Jesus loved the simplicity of symbols, and in his powerful language the workers who came at the first hour were Moses, the prophets and all the initiators who marked the stages of progress that has been continued down through the centuries by the apostles, martyrs, the Church Fathers, learned individuals, philosophers and, finally, Spiritists. Spiritists – the last to arrive – have been announced and foretold since the coming of the Messiah, and they will receive the same recompense. But what am I saying? A greater recompense. As the last to arrive, Spiritists profit from the intellectual endeavors of their predecessors, because humans must inherit from humans, and their endeavors and results are collective: God blesses solidarity. Furthermore, many among them are alive again today, or will come back in the future to complete the work they had formerly begun. More than one patriarch, more than one prophet, more than one disciple of Christ, more than one disseminator of the Christian faith may be found amongst Spiritists; however, they are now more enlightened, more advanced, no longer working on the foundation but on the top floor of the building. Their wages, therefore, will be in proportion to the merit of the work.

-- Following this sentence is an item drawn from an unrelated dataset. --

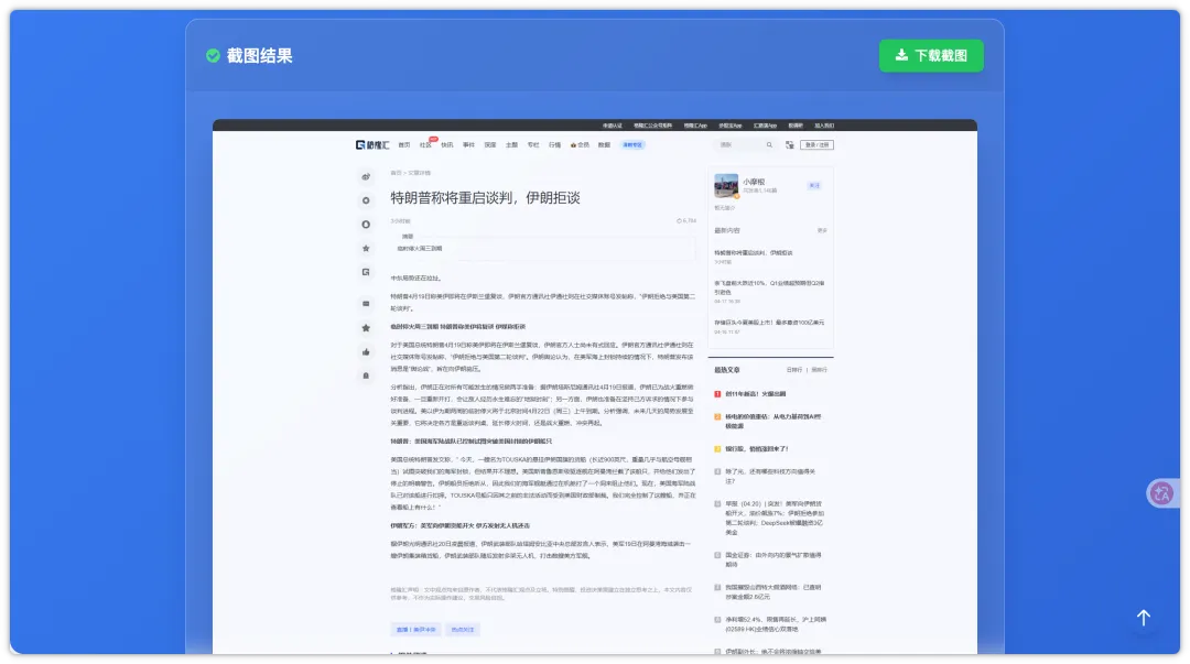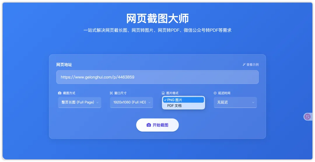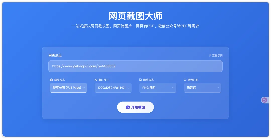 今天给大家分享一个特别的截图神器,它不用你下载客户端,也不用你下载插件脚本,它就是一个在线截图工具“网页截图大师”。它截图方式太简单了,直接将你的网址复制进去就可以,无论是公众号文章还是其他平台的文章,复制任何网页进去就可以截图了。支持首页可见页面截图也可以全屏幕截图,窗口尺寸可以自定义选择,可以是手机尺寸也可以电脑尺寸。可以下载成PNG图片也可以下载成PDF格式的文件。全部功能都是免费的,尤其是我们可以将一些微信公众号的文章转换成PDF,再也不用担心一些敏感文章被和谐了,而且支持批量处理多个网页同时截图处理为PDF文件,还可以选择定时处理哦。我觉得这个工具如果再增加一个图片或者PDF在线编辑处理功能就更棒了,希望开发者可以看到我的这个建议,以后大家想要长截图全屏幕截图或者手机尺寸的截图,可以用这个网页截图大师。地址:https://jietudashi.cn/如果你觉得汤主的这篇文章对你有价值,记得点赞+关注哦。点击下方公众号卡片即可关注我

Reincarnation – that wonderful tenet – both immortalizes and defines spiritual affiliation. Called to give an accounting of its earthly mandate, the spirit understands the continuity of the task, interrupted but always resumed once again. It sees and senses that it has seized in its flight the thought of its predecessors. It enters the arena again, matured by experience, to advance a little more. And all, workers of the first and of the last hour, with their eyes opened to the profound justice of God, no longer complain, but simply worship.

This is one of the true meanings of this parable. Like all the parables that Jesus addressed to the people, beneath its forms and images it contains the seed of the future as well as the revelation of that magnificent unity that harmonizes all things in the universe, and that solidarity that reconnects all present beings to the past and future.